Forum Moderators: open
fragment from robots.txt:
User-agent: *
Disallow: /gfx/
Disallow: /cgi-bin/
Disallow: /protected/
Disallow: /private/
fragment from access log:
64.68.82.26 - - [19/Jul/2002:12:44:02 +0100] "GET /cgi-bin/track.pl?os=www.example.com HTTP/1.0" 302 302 "-" "Googlebot/2.1 (+http://www.googlebot.com/bot.html)"
64.68.82.78 - - [19/Jul/2002:13:24:19 +0100] "GET /cgi-bin/track.pl?os=www.example.com HTTP/1.0" 302 294 "-" "Googlebot/2.1
(+http://www.googlebot.com/bot.html)"
64.68.82.6 - - [19/Jul/2002:13:54:35 +0100] "GET /cgi-bin/track.pl?os=www.example.com HTTP/1.0" 302 289 "-" "Googlebot/2.1
(+http://www.googlebot.com/bot.html)"
64.68.82.78 - - [19/Jul/2002:14:06:31 +0100] "GET /cgi-bin/track.pl?os=www.example.com HTTP/1.0" 302 297 "-" "Googlebot/2.1
(+http://www.googlebot.com/bot.html)"
[edited by: engine at 8:49 am (utc) on July 22, 2002]

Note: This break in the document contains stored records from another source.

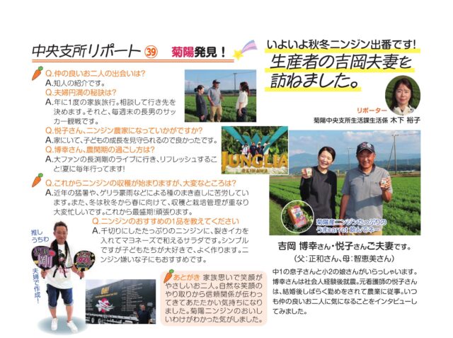 お知らせ 2025.12.05 お知らせ 中央支所リポート㊴ 菊陽発見! いよいよ秋冬ニンジン出番です!生産者の吉岡夫妻を訪ねました♪ クリックすると拡大してご覧いただけます。 この記事は、JA菊池広報誌いぶき12月号P19にも掲載しております。
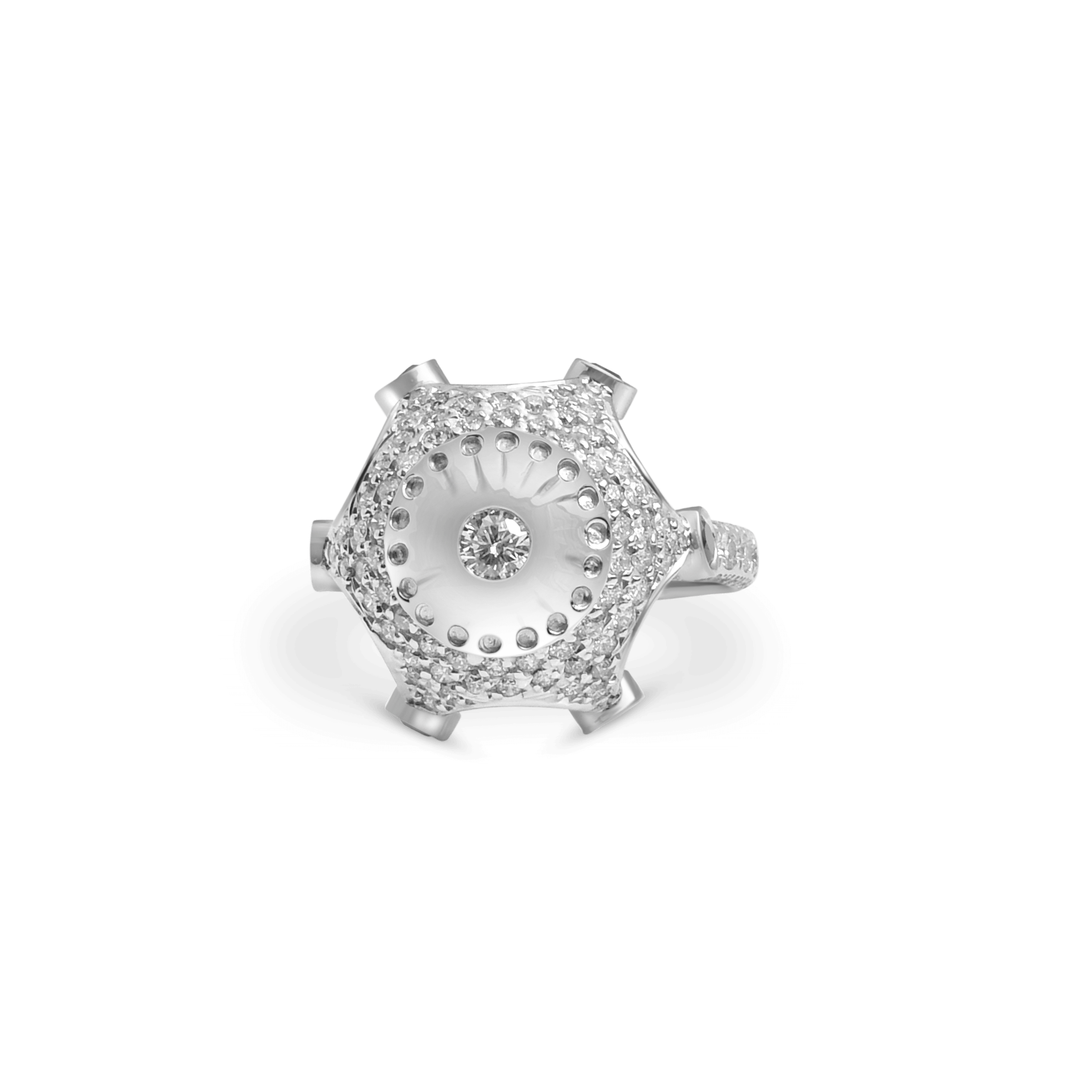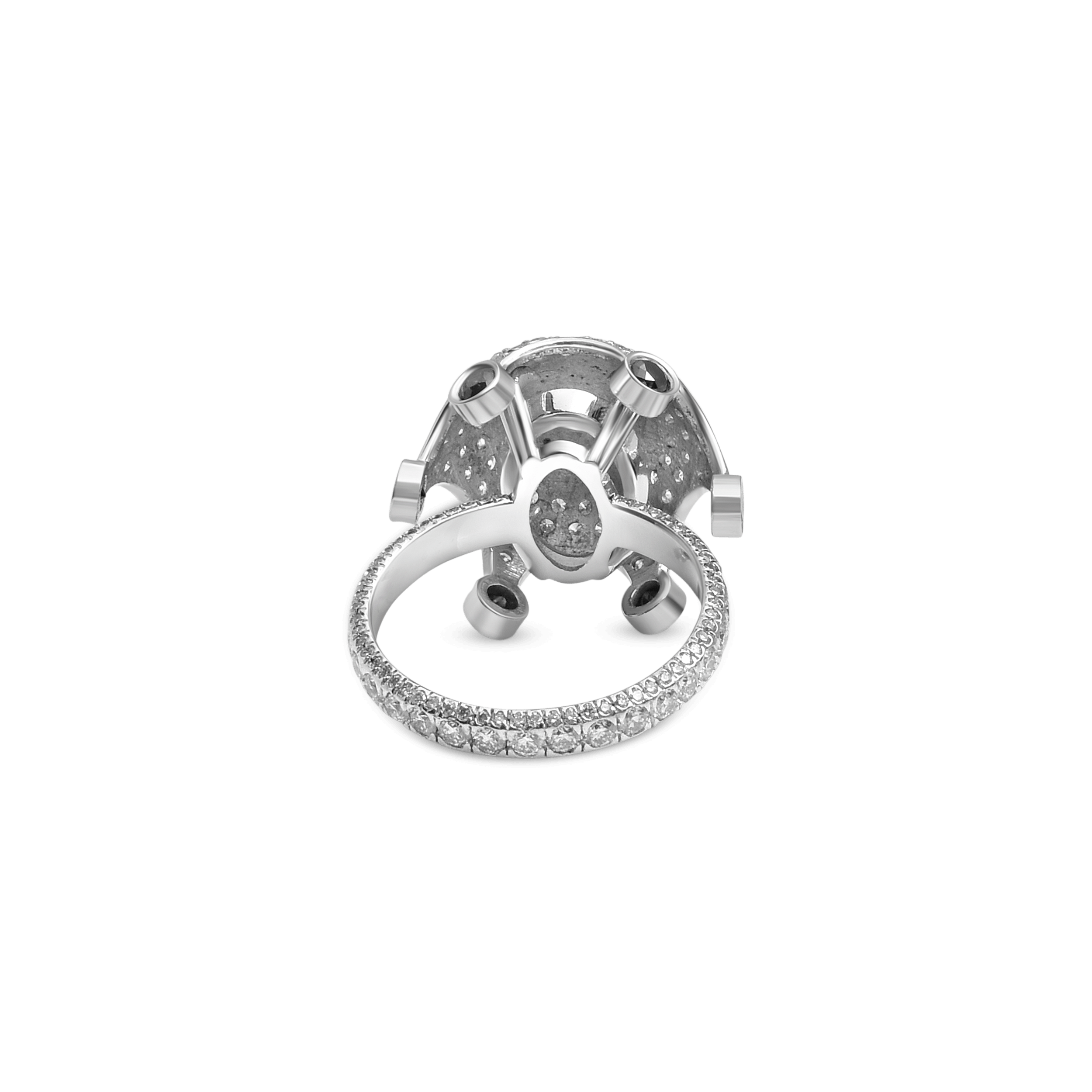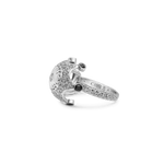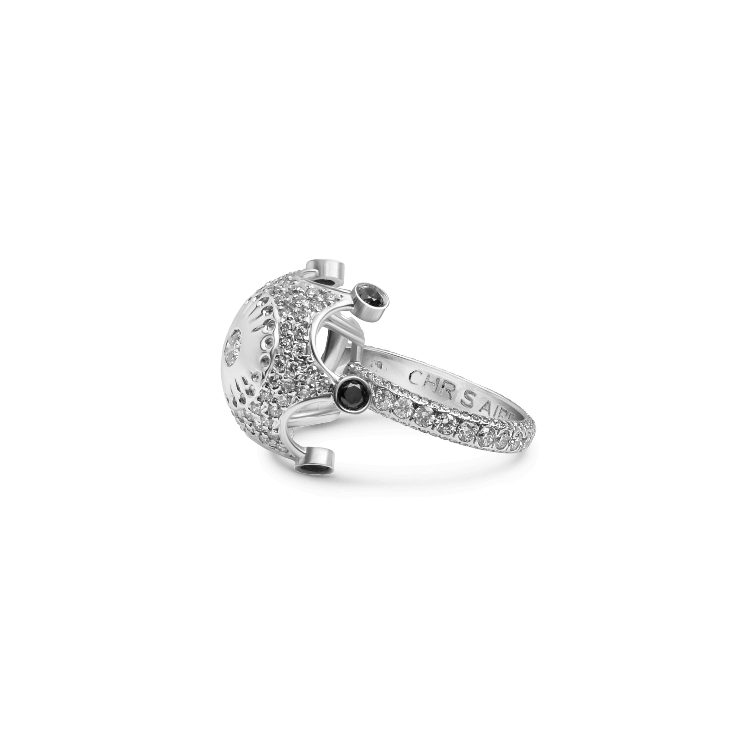 The Gifted Ring embodies the appreciation of grace. It is hand- crafted in platinum and embellished in ideal cut round brilliant diamonds of VVS1- VS1 clarity D-F colorless diamonds and accented with burnished set black round diamonds
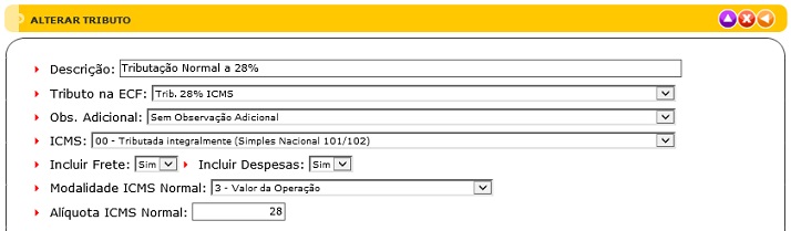 A tela do Cadastro de Tributos do ICMS possui seis elementos principais que executam funções distintas, conforme seguem:
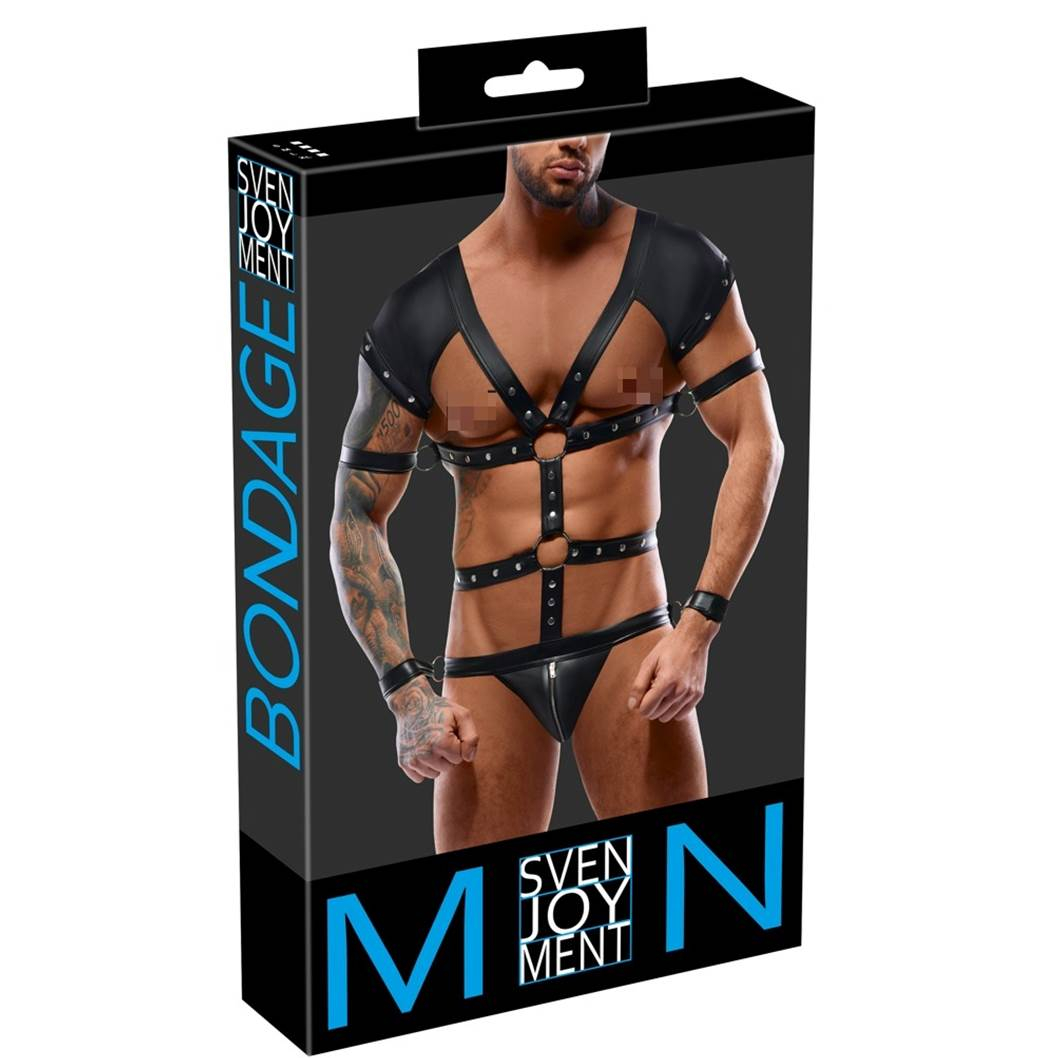 Боди с 4 кандалами в наборе от Svenjoyment BONDAGE. Стильный черный матовый костюм с заклепками и ремешком под мышку. Регулируемый нагрудный и поясной ремень (на кнопках). Застежка–молния с подкладкой в сумке - пофри (джок). На поясном и нагрудном ремнях по бокам с кольцами, через которые можно продеть прилагаемые ремни. Регулируемые застежки-липучки позволяют быстро застегивать застежки-молнии для приятной фиксации.
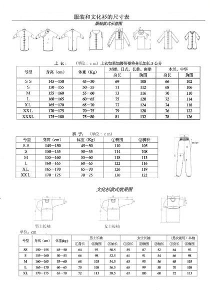 凡在本店订做的服装,请注明尺寸信息(紧身尺码),通常服装我们会按照一定比例放大(武术练功服)。
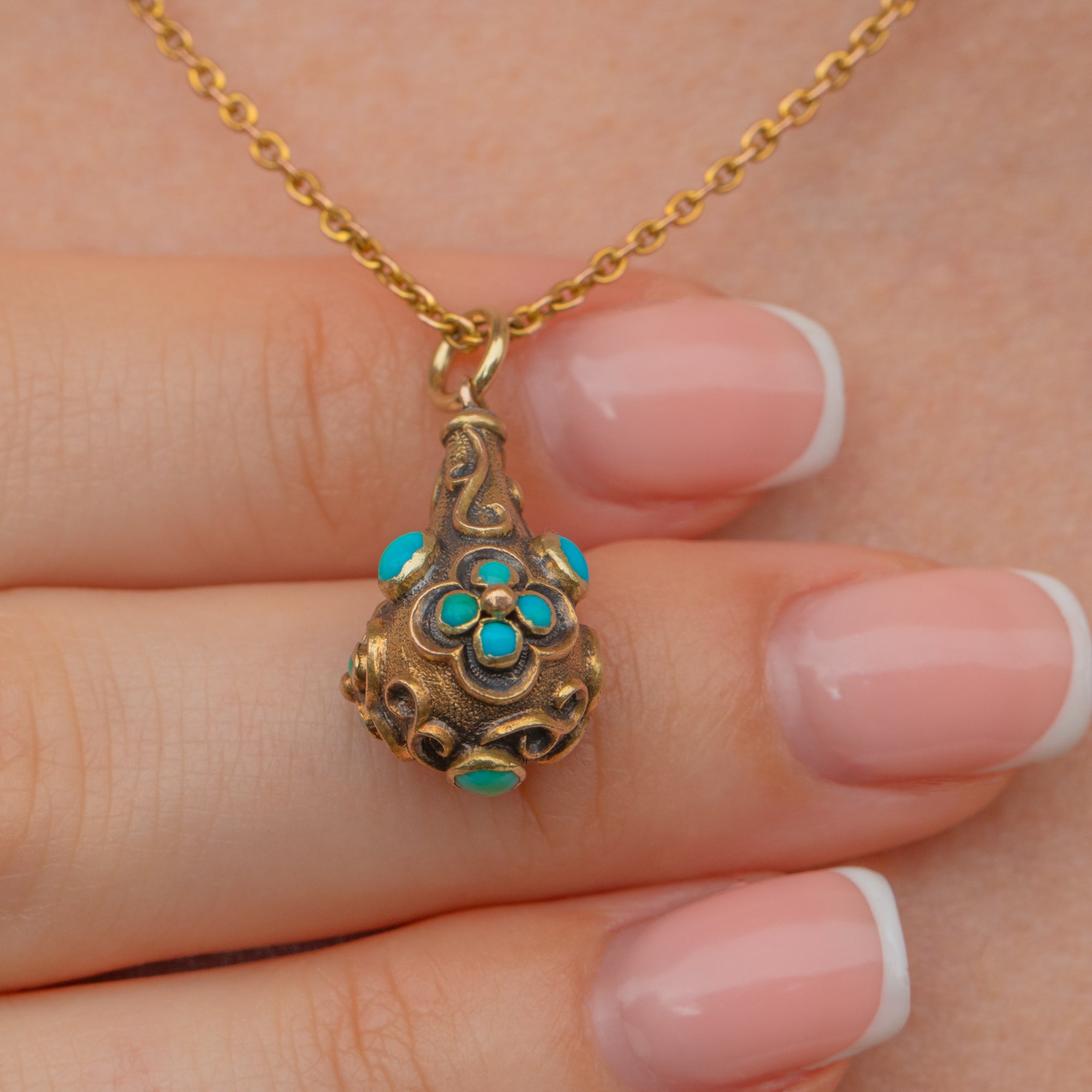 The Victorians have always admired jewellery with deep-rooted symbolism, with this antique charm being no exception! Forget-me-nots symbolise true love and respect, making this Turquoise pendant the perfect gift for a loved one!
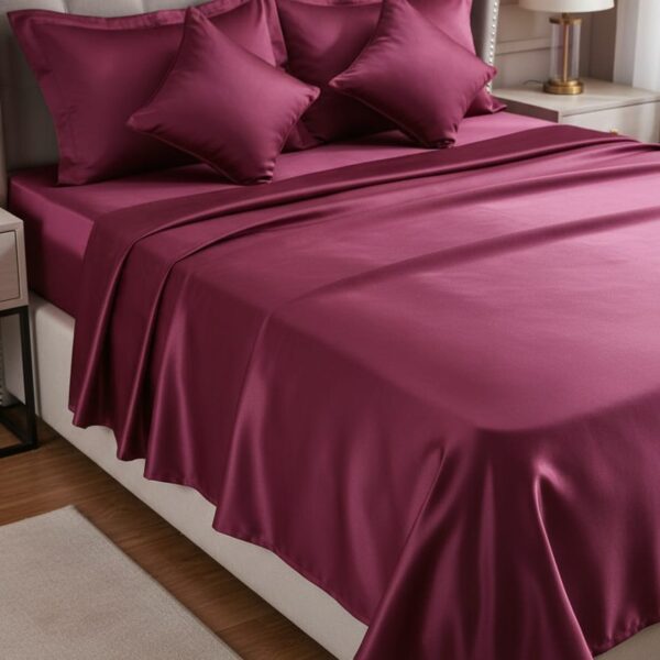 يتميز طقم ملاية ستان تركي نبيتي 4 قطع بمظهر أنيق ولمسة ناعمة تضيف فخامة لغرف النوم. خامة الستان تمنح السرير شكلًا راقيًا وبراقًا، لذلك يعد من المنتجات المميزة والمطلوبة في محلات المفروشات والبيع بالجملة.
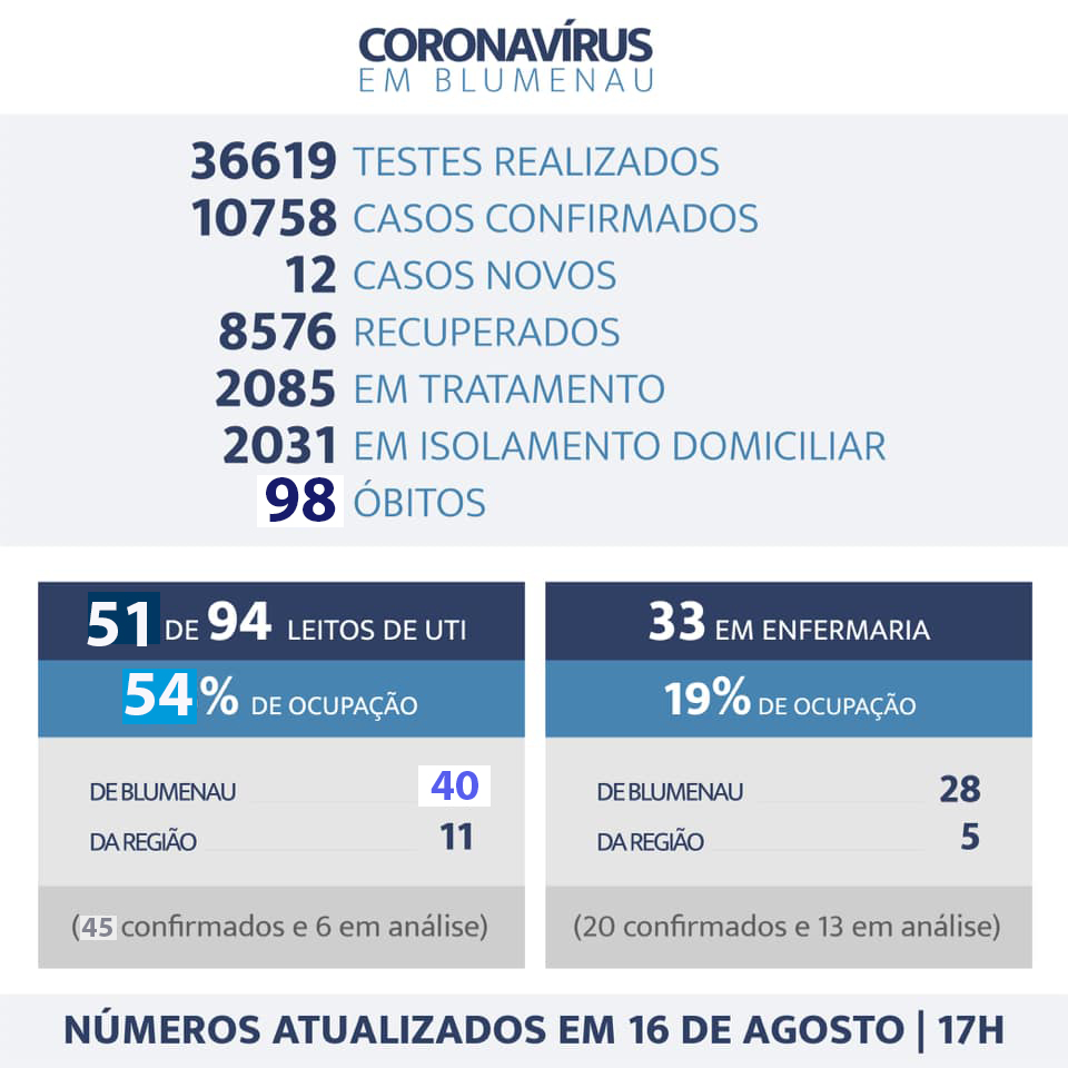 Blumenau registrou neste domingo, a confirmação de mais cinco óbitos em decorrência de coronavírus, somando um total de 98 desde o início da pandemia. As vítimas foram quatro homens e uma mulher. A morte de um dos homens ocorreu no sábado. Com 75 anos, estava internado desde 26 de julho. Os outros homens tinham 66, 69 e 71 anos. O primeiro estava internado desde o dia 04 de agosto. O segundo desde 02 de agosto e o terceiro desde 10 de agosto. A mulher tinha 76 anos, hospitalizada desde 02 de agosto. Todos estavam em UTI.
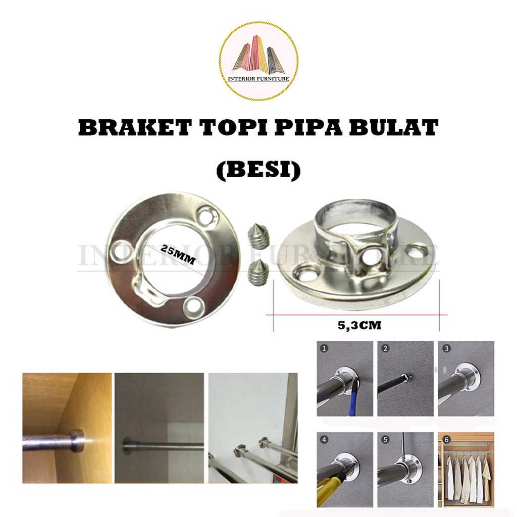 Bracket Topi / Braket Pipa Topi 1" (25mm) / Sambungan Dop Pipa Bulat stainless
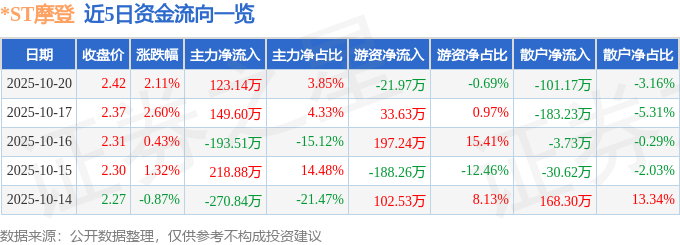 证券之星消息,截至2025年10月20日收盘,*ST摩登(002656)报收于2.42元,上涨2.11%,换手率1.97%,成交量13.32万手,成交额3196.85万元。
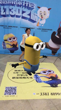 我公司开发的魔幻走廊,可将平面卡通,通过移动设备扫描观看实现三维仿真效果,集趣味性、现代感、科技氛围于一体,可实现多种3D卡通效果。

[edit reason] Edited for generic website examples [/edit]
G.
G.
It includes a lot of "User-agent" tokens that don't look legit to me, like "Mozilla/4.0 (compatible; MSIE 4.0; Windows NT)". The robots.txt specification says tokens should be one word, without version information. Also, some of the tokens you're using include characters not typically seen in robots.txt, like parentheses.
It's possible those nonstandard tokens are causing Googlebot to parse your robots.txt wrong, but that's just an educated guess. My advice would be to cut all the User-agent tokens you haven't verified with the entities you're trying to block, and see if that helps.